• [WHAT IS NEEDED]:
The answer must consist solely of the lines from the line with "Le Boat Hotel" to the end of the data below, transcribed exactly and with no pictures.

• [GIVEN DATA]:
•••

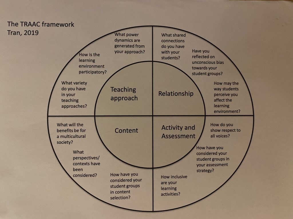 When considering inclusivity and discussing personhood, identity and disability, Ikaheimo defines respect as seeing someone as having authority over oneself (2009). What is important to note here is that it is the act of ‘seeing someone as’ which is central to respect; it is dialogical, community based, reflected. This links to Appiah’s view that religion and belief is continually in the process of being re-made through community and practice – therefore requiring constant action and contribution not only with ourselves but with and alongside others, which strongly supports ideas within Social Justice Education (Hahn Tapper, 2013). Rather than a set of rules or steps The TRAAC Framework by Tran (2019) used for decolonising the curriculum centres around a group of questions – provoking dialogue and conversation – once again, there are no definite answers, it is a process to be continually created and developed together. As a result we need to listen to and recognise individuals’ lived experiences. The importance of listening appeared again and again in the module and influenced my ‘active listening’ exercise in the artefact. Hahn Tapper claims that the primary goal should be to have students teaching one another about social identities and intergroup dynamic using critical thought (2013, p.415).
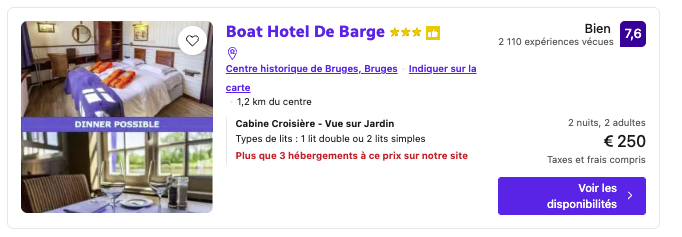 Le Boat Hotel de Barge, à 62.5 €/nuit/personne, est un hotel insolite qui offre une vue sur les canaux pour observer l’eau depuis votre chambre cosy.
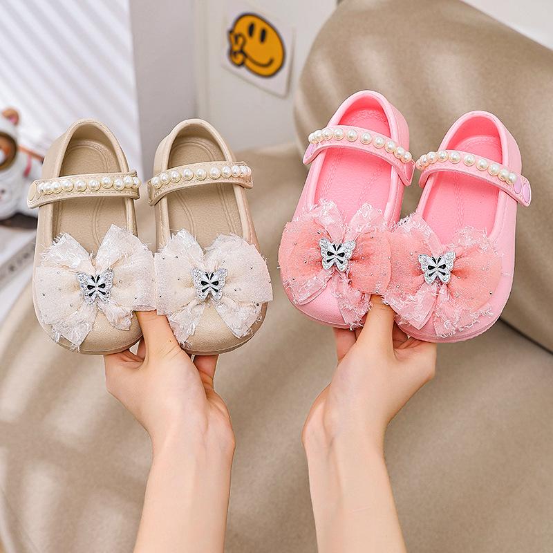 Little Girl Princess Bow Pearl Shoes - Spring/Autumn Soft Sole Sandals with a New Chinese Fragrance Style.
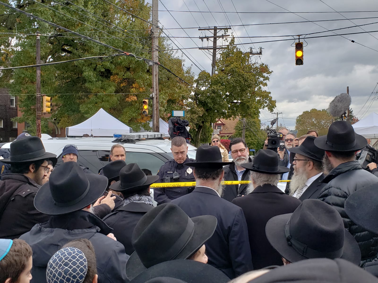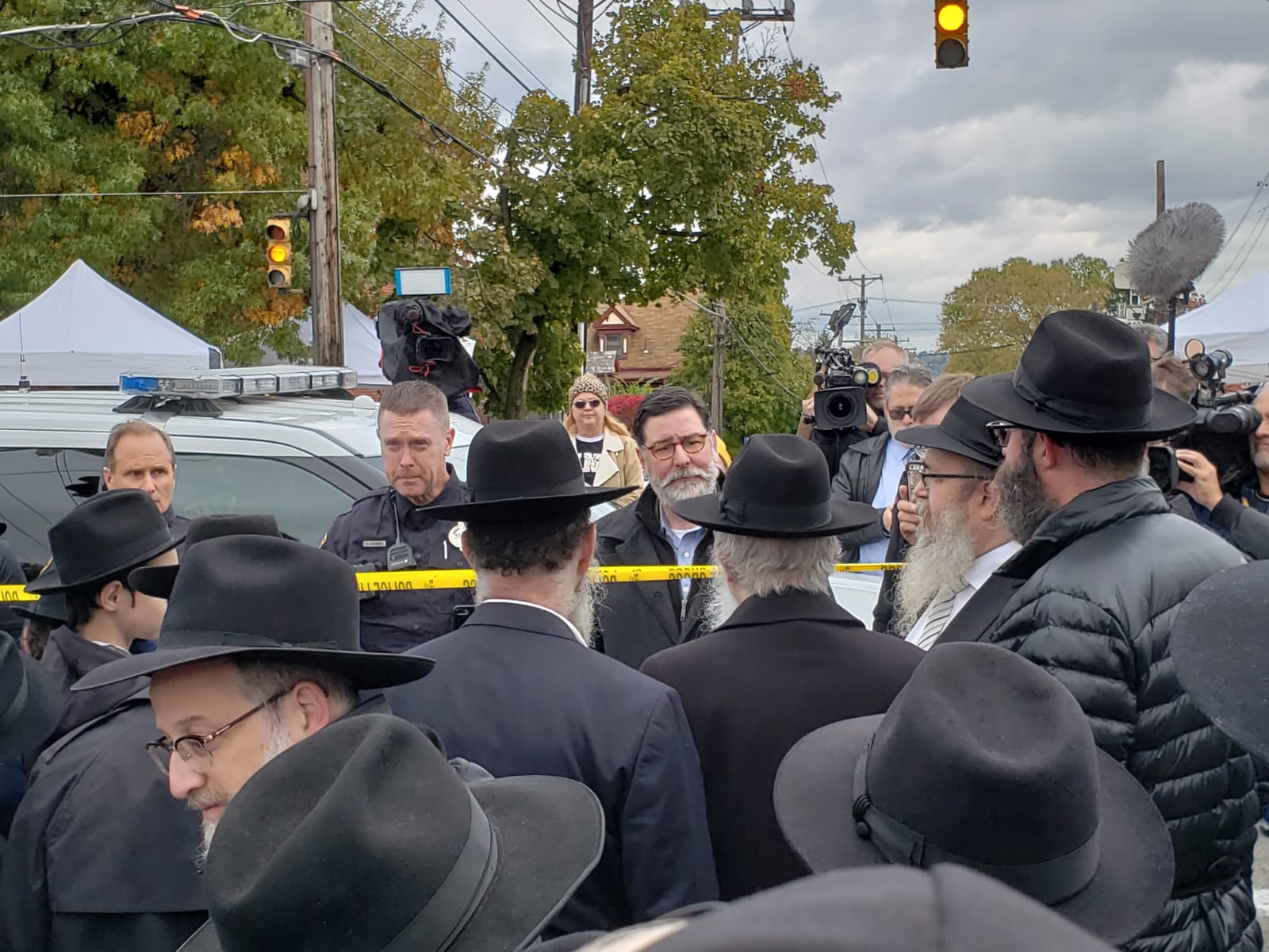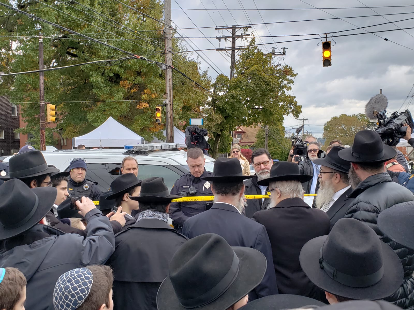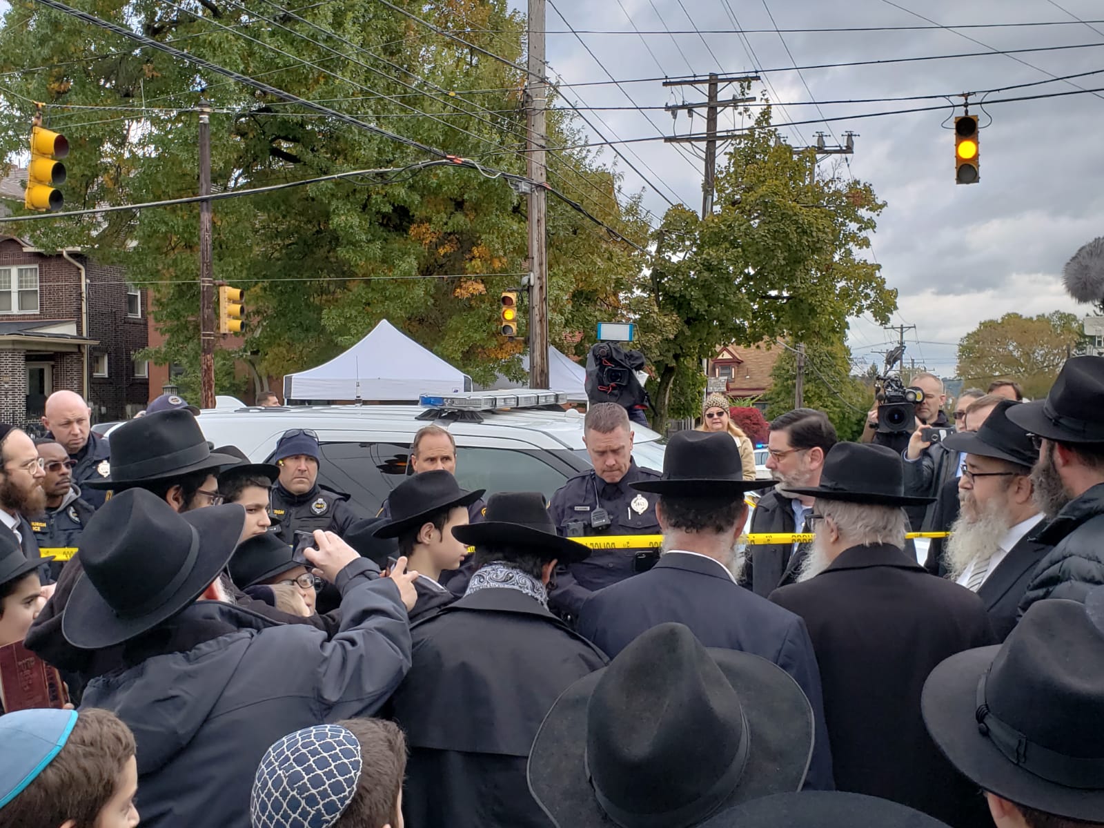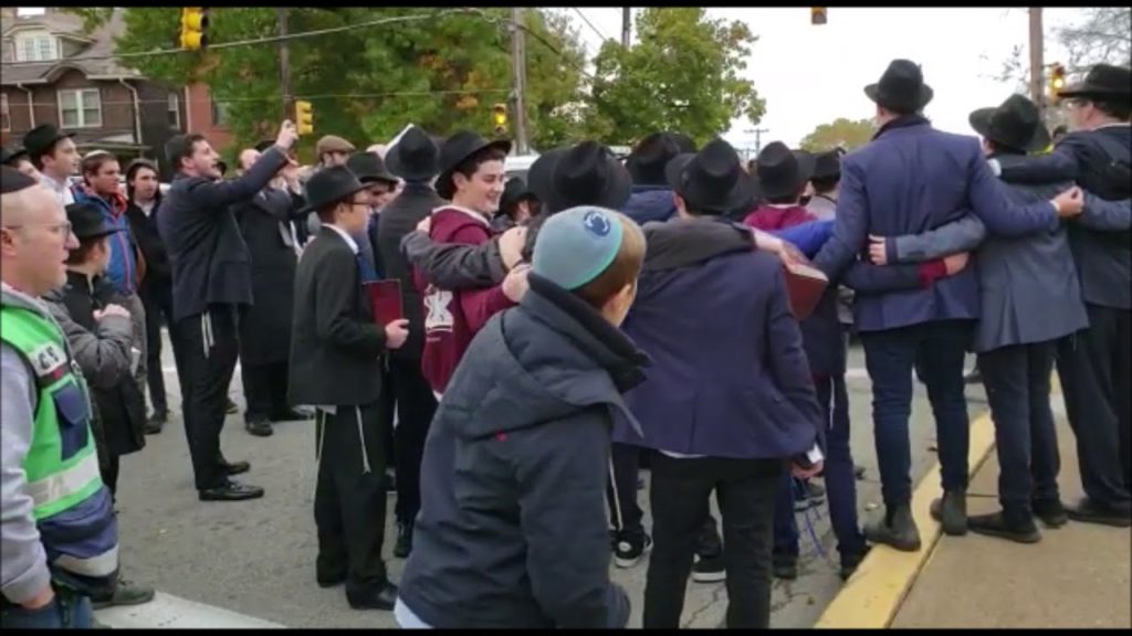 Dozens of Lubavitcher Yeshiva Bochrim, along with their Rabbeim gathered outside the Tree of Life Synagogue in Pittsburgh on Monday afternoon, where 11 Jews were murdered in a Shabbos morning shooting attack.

•••

• [YOUR SOLUTION]:
 Le Boat Hotel de Barge, à 62.5 €/nuit/personne, est un hotel insolite qui offre une vue sur les canaux pour observer l’eau depuis votre chambre cosy.
 Little Girl Princess Bow Pearl Shoes - Spring/Autumn Soft Sole Sandals with a New Chinese Fragrance Style.
 Dozens of Lubavitcher Yeshiva Bochrim, along with their Rabbeim gathered outside the Tree of Life Synagogue in Pittsburgh on Monday afternoon, where 11 Jews were murdered in a Shabbos morning shooting attack.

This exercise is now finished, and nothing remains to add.